Nora has the same approach.

“One of my favourite verses in the Qur’an is in Surah Al-Hujurat when God talks about how from Adam and Eve God created many tribes so that they may know one another, not so that they may despise one another. This word ‘know’ is a very passionate ‘know’, a very active ‘know’. It means to almost embrace that person.

“This is really God’s wisdom and God’s plan to make us different so we do engage with one another. I’m very inspired by that.”

Blessed are the peacemakers

“Unfortunately the media pits Muslims and Christians against one another,” says Nora, “but it doesn’t have to be like that. Muslims and Christians have been cooperating since the origins of Islam. Muhammad received counsel from a Christian monk throughout his life.

“I think that as we get to the root of all religious faith and if people just start engaging and talking with one another they would really see so much commonality. The commonality is really based on this concept of compassion. For example in Islam every chapter of the Qur’an starts off with ‘In the name of God, the most gracious and compassionate’. Before I eat, before I drink, before I do anything I say this, because I am supposed to be an embodiment of love and compassion myself.

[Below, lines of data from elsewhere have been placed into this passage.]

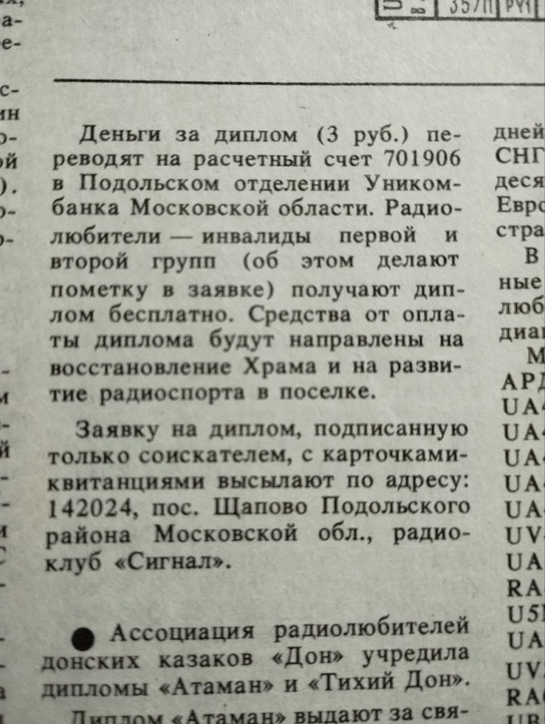 в журнале Радио за апрель 1992 года обнаружил сведения о дипломе, учрежденном радио клубом и приходским храмом.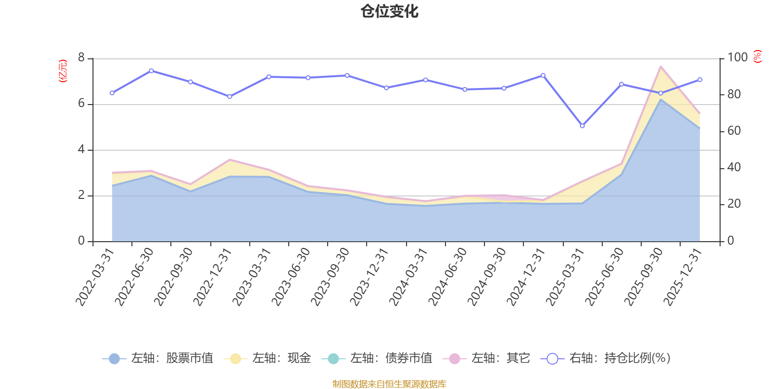 据定期报告数据统计,近三年平均股票仓位为84.82%,同类平均为85.83%。2022年上半年末基金达到93.22%的最高仓位,2025年一季度末最低,为63.16%。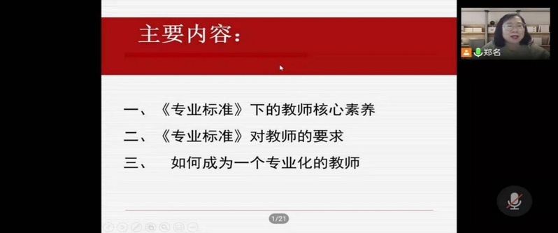10月29日,本学期专业导引之三——《如何做一个专业化的教师》,由学前教育系郑名教授主讲。本次导引课受疫情影响,在线上依托腾讯会议平台开展,2021级本科生共计160人参加了本次活动。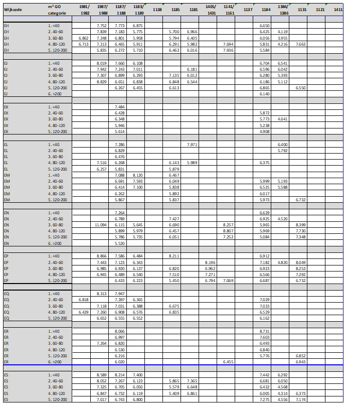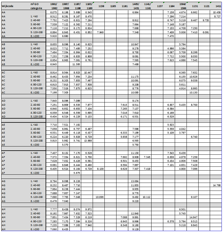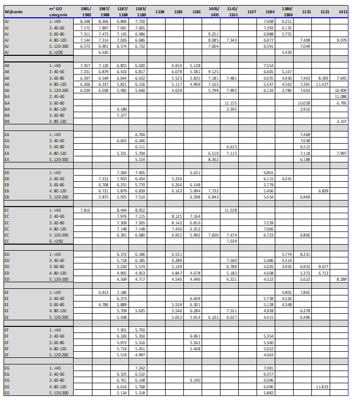 De bijlage bevat overzichten van de hoogte van de herbouwkosten per m² gebruiksoppervlak voor verschillende woningtypen bij verschillende woninggrootte. Daarnaast zijn de toegepaste gemiddelde WOZ-gegevens ten behoeve van een aanvullende kwaliteitsopslag opgenomen.

“If there’s anything that’s really just changed me as a person, it’s knowing the beatitudes. That’s what it’s all about. It’s the theme for service and life and I go around telling everybody. I have it on my fridge. I just think it’s so poignant. It’s exactly what life should be,” says Nora.

Heather says, “The beatitudes don’t just say ‘Blessed are the peacemakers who happen to be Christian’. Blessed are the peacemakers—full stop!”